══ Provided material ══

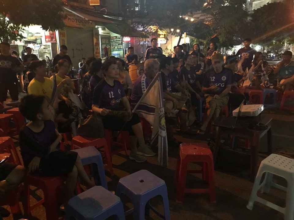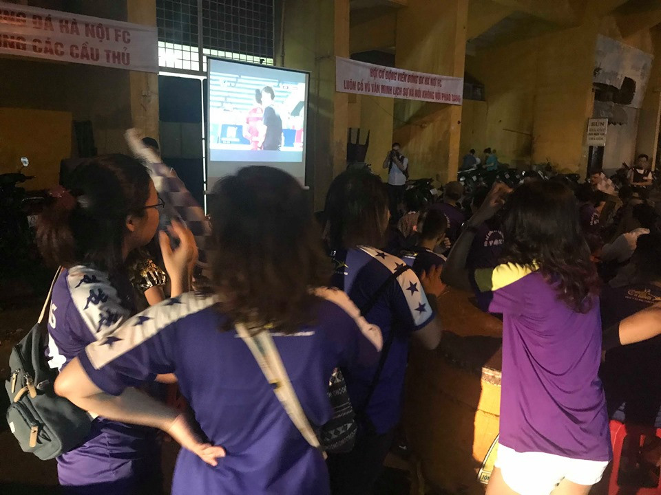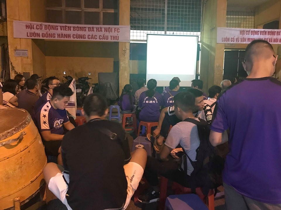 CĐV Hà Nội tụ tập ngoài sân Hàng Đẫy dựng máy chiếu để theo dõi trận đấu.
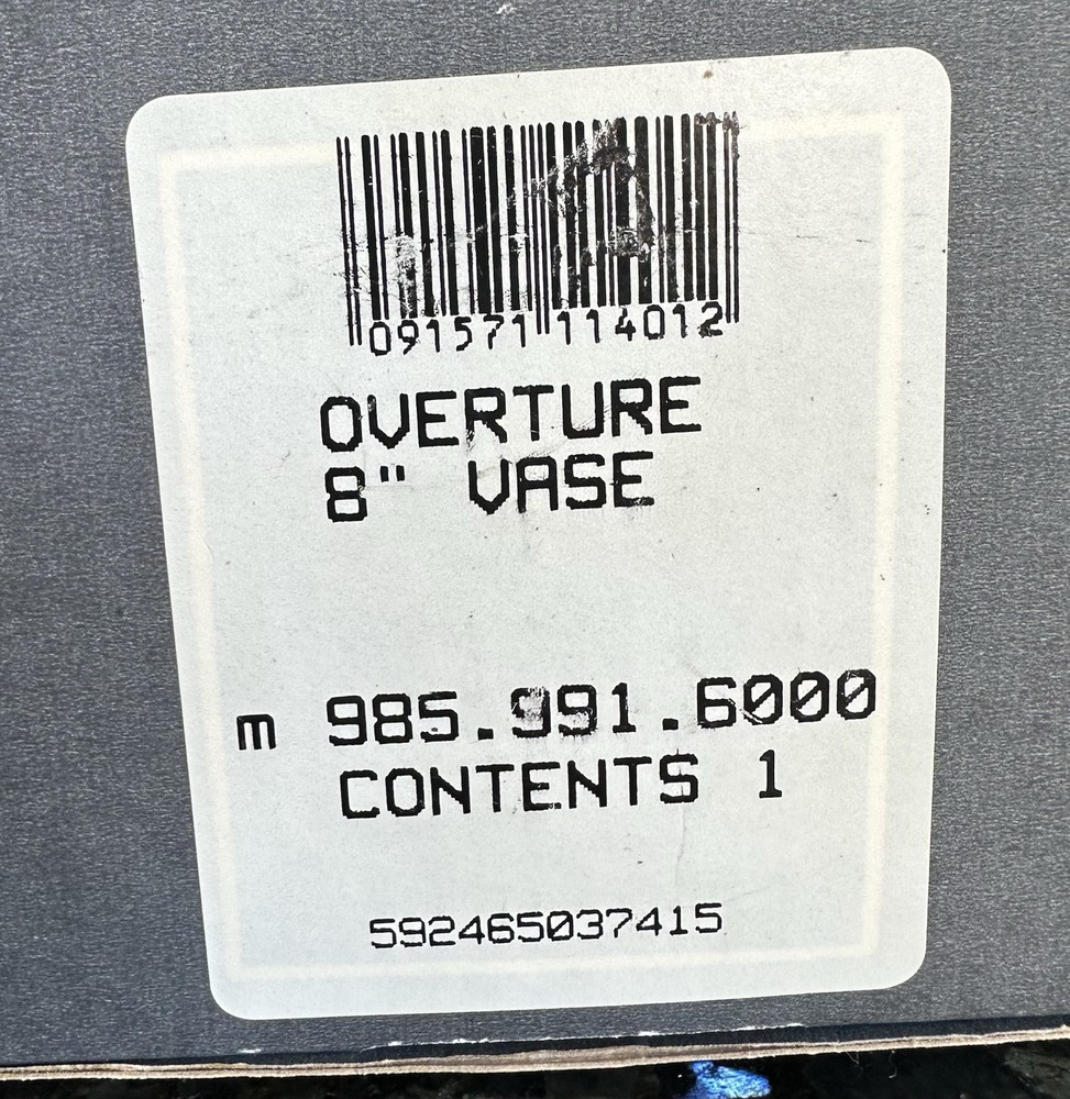 Pattern: Overture Shape: Oval Features: Crystals Antique: No Type: Vase Occasion: All Occasions Material: Crystal Size: Medium Item Width: 10 in Department: Adults Original/Reproduction: Original Brand: Waterford Handmade: Yes Color: Clear Era: Late 20th Century (1970-1999) Number in Pack: 1 Production Technique: Hand Blown Glass Item Height: 8 in
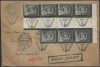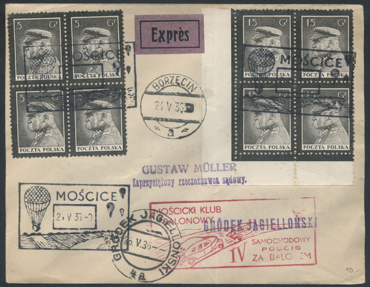 1936 IV Samochodowy Pościg za Balonem Wolnym w Mościcach, list ekspresowy do Ozorkowa przesłany balonem 24.V balonem, znaczki unieważnione stemplem okolicznościowym w rzadszym kolorze czerwonym, dodatkowy stempel standardowo też w kolorze czerwonym, datownik miejsca lądowania Borzęcin, a na odwrocie kasownik odbiorczy; dość rzadki walor, niewiele sztuk miało stemple okolicznościowe odciśnięte w kolorze czerwonym; doskonały stan zachowania. | Fi.13b |
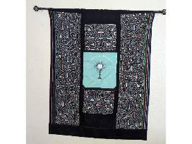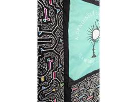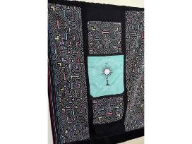 A one-of-a-kind wall hanging, bringing together our faith, the wisdom of Pope Benedict with a truly unique fabric made by the Shipibo of the Ucayali, the heart of Peru's Amazon rainforest. Shipibo fabrics are known for their geometric patterns, which are believed to represent the people's cosmology, mythology, and spiritual journey. The patterns are also thought to have healing properties and are used in ceremonies.

═══

Action item: In the copy, include no pictures; everything else in the material should be written out exactly.

Answer to the exercise:
 CĐV Hà Nội tụ tập ngoài sân Hàng Đẫy dựng máy chiếu để theo dõi trận đấu.
 Pattern: Overture Shape: Oval Features: Crystals Antique: No Type: Vase Occasion: All Occasions Material: Crystal Size: Medium Item Width: 10 in Department: Adults Original/Reproduction: Original Brand: Waterford Handmade: Yes Color: Clear Era: Late 20th Century (1970-1999) Number in Pack: 1 Production Technique: Hand Blown Glass Item Height: 8 in
 1936 IV Samochodowy Pościg za Balonem Wolnym w Mościcach, list ekspresowy do Ozorkowa przesłany balonem 24.V balonem, znaczki unieważnione stemplem okolicznościowym w rzadszym kolorze czerwonym, dodatkowy stempel standardowo też w kolorze czerwonym, datownik miejsca lądowania Borzęcin, a na odwrocie kasownik odbiorczy; dość rzadki walor, niewiele sztuk miało stemple okolicznościowe odciśnięte w kolorze czerwonym; doskonały stan zachowania. | Fi.13b |
 A one-of-a-kind wall hanging, bringing together our faith, the wisdom of Pope Benedict with a truly unique fabric made by the Shipibo of the Ucayali, the heart of Peru's Amazon rainforest. Shipibo fabrics are known for their geometric patterns, which are believed to represent the people's cosmology, mythology, and spiritual journey. The patterns are also thought to have healing properties and are used in ceremonies.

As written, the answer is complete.